I have a question about word2vec learning data

Asked 2 years ago, Updated 2 years ago, 98 views

Hi, how are you?

I would like to inquire about word2vec learning data.

from gensim.models.word2vec import Word2Vec
import pandas as pd

df = pd.read_csv('https://raw.githubusercontent.com/DoosanB/files/master/test.csv', encoding = 'utf-8')
df = pd.DataFrame(df)

model = Word2Vec(df['corpus'].values, sg=1, window=5, min_count=1, workers=4, iter=100)

model_result1 = model.wv.most_similar ("government")

I used the code as above

KeyError: "word 'government' not in vocational"

An error has occurred.

I'm asking because I don't know how to handle it.

word2vec python

2022-09-21 12:28

1 Answers

The values of df['corpus'].values used to learn word2vec in your code are as follows:

# df['corpus']values
[
    ["Housing", "Apartment", "Real Estate", "Price", "Stability", "Apartment"]
    ["Common people", "dream", "hope", "Ilsoon", "other", "real estate", "price", "rise", "common people", "economy", "catch"] 
    ...
]

By default, word2vec uses 'sentence' as its learning data.

The sentence must be in a list format organized by words.

Like this

# word2vec expected learning data type
[
    ["Housing", "Apartment", "Real Estate", "Price", "Stability", "EALUDA",
    ["Communist", "Dream", "Hope", "Ilsoon", "Other", "Real Estate", "Price", "Rising", "Communist", "Economic", "Catch",
    ...
]

Hand over the value of df['corpus'].values to the learning data in word2vec.
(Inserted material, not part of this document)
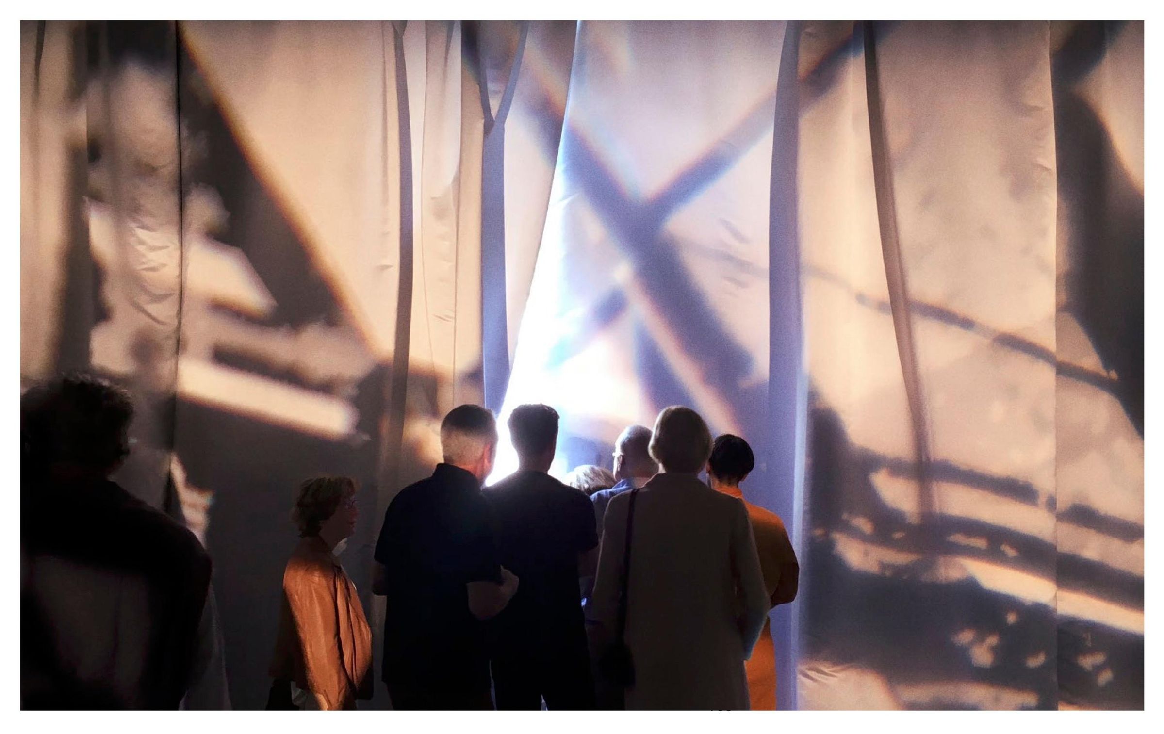 Die Formensprache von Frauke Dannert (geb. 1979 in Herdecke, lebt und arbeitet in Köln) basiert auf dem künstlerischen Verfahren der Collage. Aus gefundenem und gesammeltem Material - von Pflanzenscans bis hin zu Architekturfotografien - lässt die Künstlerin zarte Formen tanzender, sich windender, innehaltender Bildelemente entstehen. Diese ordnet sie in variierenden (Bild-)Räumen an, bestehend aus Bildträgern wie Papier, roher Baumwolle oder der reinen Wand. Ihre Collagearbeiten changieren zwischen organisch und architektonisch, zwischen realen und imaginativen Räumen und eröffnen darüber einen Assoziationsraum, ähnlich wie Wolkengebilde, in denen wir immer wieder neue Formen entdecken können. Mit Projektionen und farbigen Teppichen überlagert Dannert die vorhandene Architektur und verfremdet das Raumerlebnis: Die optische Illusion der Collage erweitert sich ins Räumliche.

word2vec is not the expected shape of the sentence, so it is automatically converted to the sentence form.

The data that word2vec learns will be the following values, with the df['corpus'].values automatically modified:

# Data that the actual word2vec learns
[
    ['[', '''', 'Ju', 'Taek'', '''', '''', '''', ''''', 'A', ''''', 'Pa', 'T', '''', ''''', ''''', 'Bu', 'Dong', 'San', '''', '''', '''', 'A', 'PASS', '''', '''', '''', '''', '''', '''', '''', '''', '''', '''', '''', '''', '''', '''', '''', '''', '''', '''', '''', '''', '''', '''', '''',
    ['[', '''', 'Seo', 'Min', '''', '''', '''', '''', '''', ''''', ''''', ''''', ''''', ''''', ''''', ''''', ''''', ''''', ''''', ''''', ''''', ''''', ''''', '', ''''', '', ''''', '', '', '', '', '', '', '', '', '', '', '', '', '', '', '', '', '', '', '', '', '', '', '', '', '', ' 
    ...
]

Because learning proceeds in this state, only one character is stored in vocabulary.

# Vocabulary of learned word2vec (pre)
["", "", "", "3", "4", "G", "H", ..., "Fold", "Jeong", "Je"]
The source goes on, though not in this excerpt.